Hybrid PWM Technique and Capacitor Voltage Balancing Control for Four-Level Asymmetrical Flying Capacitor Inverter

 This paper presents a novel hybrid PWM technique for the four-level asymmetrical hybrid flying capacitor (4L-AHFC) inverter, developed to enhance performance, simplify control, and reduce system cost compared to conventional multilevel inverter topologies. The proposed modulation strategy combines level-shifted and phase-shifted PWM methods to generate high-quality multilevel output voltage waveforms and achieve natural balancing of the flying capacitor voltages under steady-state conditions. To further address the issue of DC-link capacitor voltage imbalance, a zero-sequence voltage injection-based control algorithm is introduced, enabling active regulation of the DC-link voltages without requiring any additional balancing circuits or hardware components. Detailed simulation studies and comparative analysis with existing four-level inverter configurations demonstrate that the proposed approach significantly reduces total harmonic distortion, minimizes power losses, and lowers total standing voltage, resulting in approximately 20% cost savings over conventional hybrid flying capacitor designs.

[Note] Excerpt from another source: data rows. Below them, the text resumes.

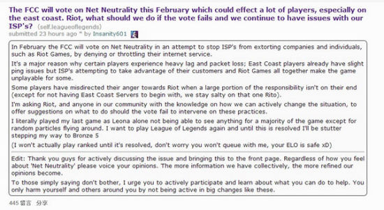 这是某些选手遭受严重延迟以及丢包的原因,在东海岸玩家们已经遭受了轻微的跳ping现象,而ISP却一直试图从拳头以及广大玩家身上捞油水。有些玩家错误地将这种愤怒发泄至拳头身上,认为其应该承担很大责任(当然东海岸服务器还未开服确实有责任)。
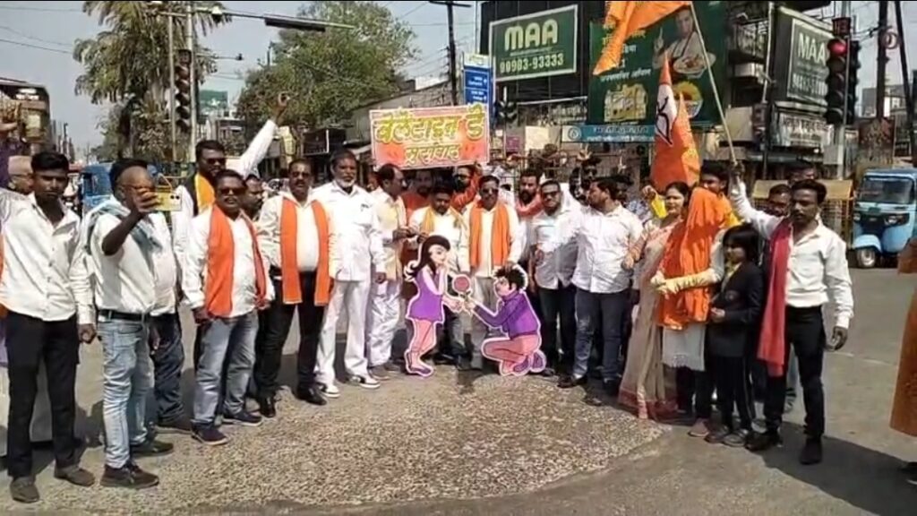 छत्तीसगढ़ के बिलासपुर में वेलेंटाइन डे के विरोध में शिवसेना ने शनिवार को जोरदार प्रदर्शन किया। देवकीनंदन चौक पर आयोजित विरोध प्रदर्शन में कार्यकर्ताओं ने वेलेंटाइन का पुतला दहन कर पश्चिमी संस्कृति के खिलाफ जमकर नारेबाजी की। इससे पहले शिवसेना कार्यकर्ताओं ने शहर में बाइक रैली निकाली और युवाओं से वेलेंटाइन डे के नाम पर फैल रही वेस्टर्न कल्चर से दूर रहने की अपील की। रैली के दौरान कार्यकर्ताओं ने भारतीय संस्कृति, पारिवारिक मूल्यों और परंपराओं को अपनाने का संदेश दिया।
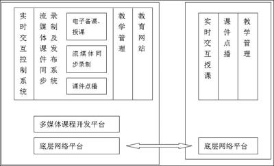 實時教學(xué)在一般情況下的實現(xiàn)過程如下: 實時教學(xué)開始后,通過攝像頭和麥克風(fēng)現(xiàn)場采集教師講課的視頻和音頻作為編碼器輸入,經(jīng)編碼計算機(jī)編碼為媒體流,并發(fā)送到流媒體服務(wù)器,然后服務(wù)器啟動服務(wù)模塊,通過多播發(fā)布媒體流,學(xué)生用客戶端播放器接受和播放媒體流。為了提供交互性,在課件制作中可以相應(yīng)地增加所需的功能。例如在課堂上回答問題或討論問題。教師控制發(fā)言權(quán),得到教師的允許后,學(xué)生可以回答問題或同其他同學(xué)交流來討論問題。這樣遠(yuǎn)程面授就可以成為現(xiàn)實了,學(xué)生只需要一臺PC、一個Modem就可以坐在家里聽課并實時地和老師交互。
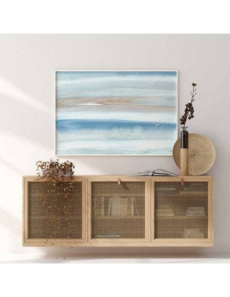 Diseño "Atmósfera" abstracto en tonos azulados y rosaceos, que aporta calidez y elegancia a cualquier espacio. Reproducción de la obra original de Marta Costero. Disponibles en diferentes tamaños y acabados.
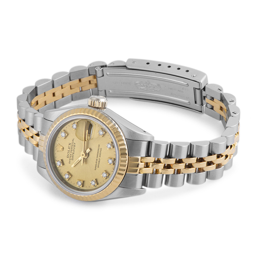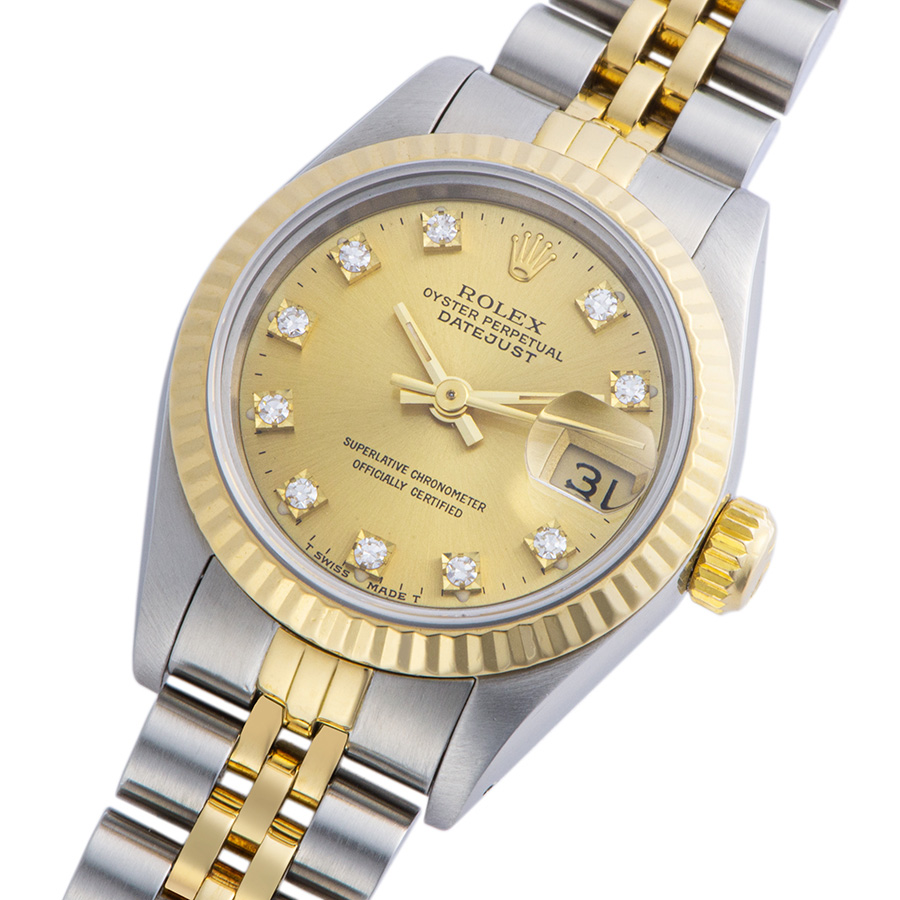 | 商品説明 | ☆ロレックスコンビの代表的モデル。コンビモデルは現在でも人気が高い時計です。 ダイヤモンドがセッティングされており、手元を華やかに演出してくれます。 ※ベゼル部分6時方向に着用時目立たない程度の小さな打ち傷が見受けられます。 外装仕上げ済みで、目立つ大きな傷などなく大変綺麗な状態です。 |
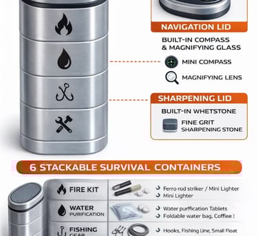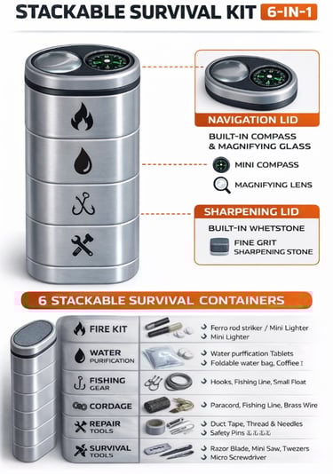 6 Pack Stackable Survival Tins 3 each Arm
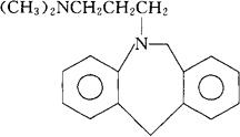 C19H24N2=280.41 CAS-73-07-4 5,6-二氢-N-[3-(二甲氨基)丙基]-11H-二苯并[b,e]氮杂 。 5,6-Dihydro-N-[3-(dimethylamino)propyl]-11Hdibenz[b,e]azepine. 6,11-二氢-N,N-二甲基-5H-二苯并[b,e]氮杂 -5-丙烷胺。 6,11-Dihydro-N,N-dimethyl-5H-dibenz[b,e]-azepine-5-propanamine. 5-[3-(二甲氨基)丙基]-5,6-二氢吗烷啶。 5-[3-(Dimethylamino)propyl]-5,6-dihydromorphanthridine. 抗抑郁药。 环丙安定。 Prazepine,Propazepine. INN,USAN.

The simulation results confirm the feasibility and effectiveness of the hybrid PWM scheme and the capacitor voltage balancing strategy, making the proposed inverter an attractive solution for medium-voltage applications that demand efficient, compact, and reliable power conversion.

Keywords: Asymmetrical hybrid flying capacitor, hybrid pulse-width modulation, capacitor voltage balancing control, multilevel inverter, medium voltage application.